Division of Cardiology, Pauley Heart Center, Department of Internal Medicine, Virginia Commonwealth University, United States of America.

Sentara Heart Hospital, Eastern Virginia Medical School, United States of America.

出版信息

Prog Cardiovasc Dis. 2024 Jan-Feb;82:34-42. doi: 10.1016/j.pcad.2024.01.003. Epub 2024 Jan 9.

Abstract

Obesity is a major public health challenge worldwide. It is costly, predisposes to many cardiovascular (CV) diseases (CVD), is increasing at an alarming rate, and disproportionately affects people of low-socioeconomic status. It has a myriad of deleterious effects on the body, particularly on the CV system. Obesity is a major risk factor for heart failure (HF) and highly prevalent in this population, particularly in those with HF with preserved ejection fraction (HFpEF), to the extent that an obesity HFpEF phenotype has been proposed in the literature. However, once HF is developed, an obesity paradox exists where those with obesity have better short- and mid-term survival than normal or underweight individuals, despite a greater risk for hospitalizations. It may be argued that excess energy reserve, younger patient population, higher tolerability of HF therapy and better nutritional status may account for at least part of the obesity paradox on survival.
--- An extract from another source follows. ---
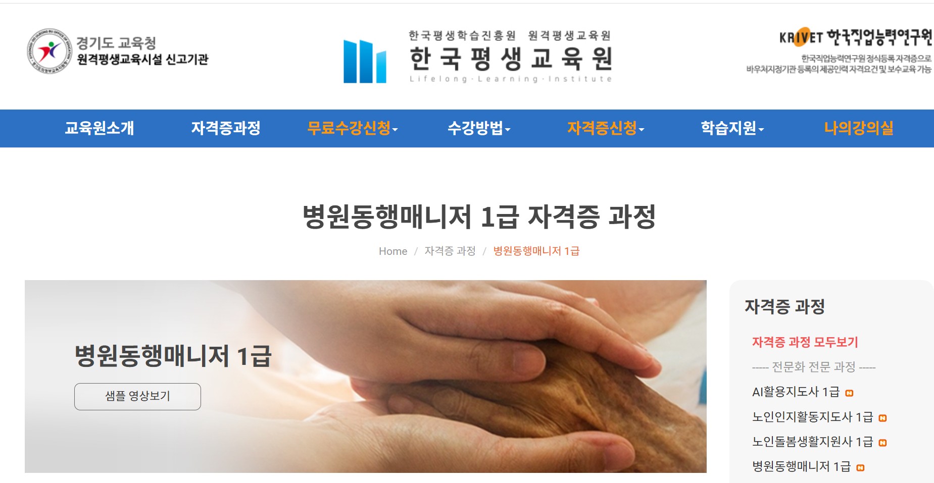 한국직업능력진흥원은 '병원동행매니저 1급' 과정을 운영하며, 온라인 강의와 시험을 원스톱으로 제공하고 있어 많은 수강생이 선호합니다.

Furthermore, body mass index (BMI) may not be an accurate measure of body composition, especially in HF, where there is an excess volume status. BMI also fails to delineate fat-free mass and its components, which is a better predictor of functional capacity and cardiorespiratory fitness (CRF), which particularly is increasingly being recognized as a risk modifier in both healthy individuals and in persons with comorbidities, particularly in HF. Notably, when CRF is accounted for, the obesity paradox disappears, suggesting that improving CRF might represent a therapeutic target with greater importance than changes in body weight in the setting of HF. In this narrative review, we discuss the current trends in obesity, the causal link between obesity and HF, an update on the obesity paradox, and a description of the major flaws of BMI in this population. We also present an overview of the latest in HF therapy, weight loss, CRF, and the application of these therapeutic approaches in patients with HF and concomitant obesity.

摘要

肥胖是全球范围内的一个主要公共卫生挑战。它成本高昂,容易引发多种心血管疾病(CVD),发病率呈惊人上升趋势,且不成比例地影响社会经济地位较低的人群。它对身体有许多有害影响,特别是对心血管系统。肥胖是心力衰竭(HF)的主要危险因素,在该人群中极为普遍,尤其是在射血分数保留的心力衰竭(HFpEF)患者中,以至于在文献中提出了肥胖 HFpEF 表型的概念。然而,一旦发生 HF,就会出现肥胖悖论,即肥胖患者的短期和中期生存率优于正常或体重不足的个体,尽管他们住院的风险更高。有人可能会争辩说,多余的能量储备、年轻的患者人群、HF 治疗的更高耐受性和更好的营养状况至少可以部分解释肥胖悖论对生存率的影响。此外,体重指数(BMI)可能不是身体成分的准确衡量标准,尤其是在 HF 中,那里存在多余的容量状态。BMI 也无法区分去脂体重及其成分,而后者是功能能力和心肺适能(CRF)的更好预测指标,尤其在健康个体和合并症患者中,尤其是在 HF 中,这一点越来越受到认可。值得注意的是,当考虑到 CRF 时,肥胖悖论就消失了,这表明改善 CRF 可能代表一个比 HF 中体重变化更重要的治疗目标。在这篇叙述性综述中,我们讨论了肥胖的当前趋势、肥胖与 HF 之间的因果关系、肥胖悖论的最新进展,以及 BMI 在该人群中的主要缺陷的描述。我们还介绍了 HF 治疗、体重减轻、CRF 的最新进展,以及这些治疗方法在肥胖合并 HF 患者中的应用。